COLLECTED MATERIAL →
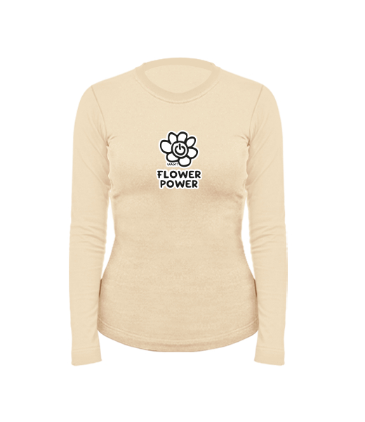 Women's cotton shirt with long sleeves for woman with design 1227 FLOWER POWER in color CARAMEL
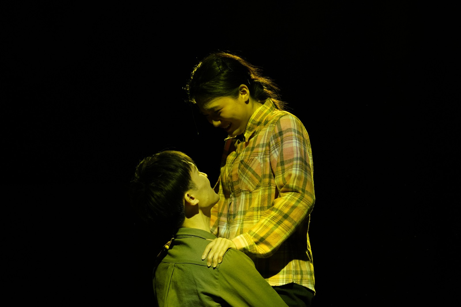 所谓沉浸式话剧,它打破了传统剧场固定的舞台和观众席位,从物理空间上打破了“第四堵墙”,随着现代戏剧不断对演员与观众交互性边界的试探和推动,“看戏”逐渐成了“体验戏剧”,这种戏剧从时间与空间上把人吸入其中,创造出类似真实世界的环境。陕北的信天游在黑匣子里唱响,故事就在这高亢嘹亮的歌声中缓缓拉开序幕,观众也仿佛置身于黄土地,感受那代人生活的起伏跌宕。这是对黄土地上艰辛生活的写照,也展现着苦难碾压下倔强生长的爱情和理想。
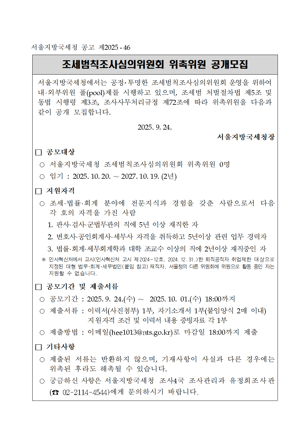 서울지방국세청 공고 제2025-46호 입니다. 조세범칙조사심의위원회 위촉위원 공개모집입니다. 서울지방국세청에서는 공정,투명한 조세범칙조사심의위원회 운영을 위하여 내,외부위원 풀제를 시행하고 있으며, 조세범 처벌절차법 제5조 및 동법 시행령 제3조, 조사사무처리규정 제72조에 따라 위촉위원을 다음과 같이 공개 모집합니다. 2025년 9월 24일 서울지방국세청장
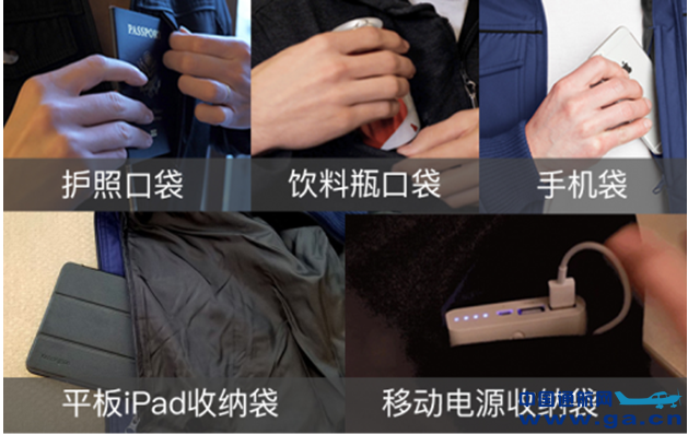 ![]() ![]() 4饮料瓶口袋,夹克里有可折叠的旅行用水瓶,方便旅途用水

TASK REQUIREMENTS → Return the whole listing word for word. Pictures stay out of it.

RESULT OF THIS TASK →
 Women's cotton shirt with long sleeves for woman with design 1227 FLOWER POWER in color CARAMEL
 所谓沉浸式话剧,它打破了传统剧场固定的舞台和观众席位,从物理空间上打破了“第四堵墙”,随着现代戏剧不断对演员与观众交互性边界的试探和推动,“看戏”逐渐成了“体验戏剧”,这种戏剧从时间与空间上把人吸入其中,创造出类似真实世界的环境。陕北的信天游在黑匣子里唱响,故事就在这高亢嘹亮的歌声中缓缓拉开序幕,观众也仿佛置身于黄土地,感受那代人生活的起伏跌宕。这是对黄土地上艰辛生活的写照,也展现着苦难碾压下倔强生长的爱情和理想。
 서울지방국세청 공고 제2025-46호 입니다. 조세범칙조사심의위원회 위촉위원 공개모집입니다. 서울지방국세청에서는 공정,투명한 조세범칙조사심의위원회 운영을 위하여 내,외부위원 풀제를 시행하고 있으며, 조세범 처벌절차법 제5조 및 동법 시행령 제3조, 조사사무처리규정 제72조에 따라 위촉위원을 다음과 같이 공개 모집합니다. 2025년 9월 24일 서울지방국세청장
 ![]() ![]() 4饮料瓶口袋,夹克里有可折叠的旅行用水瓶,方便旅途用水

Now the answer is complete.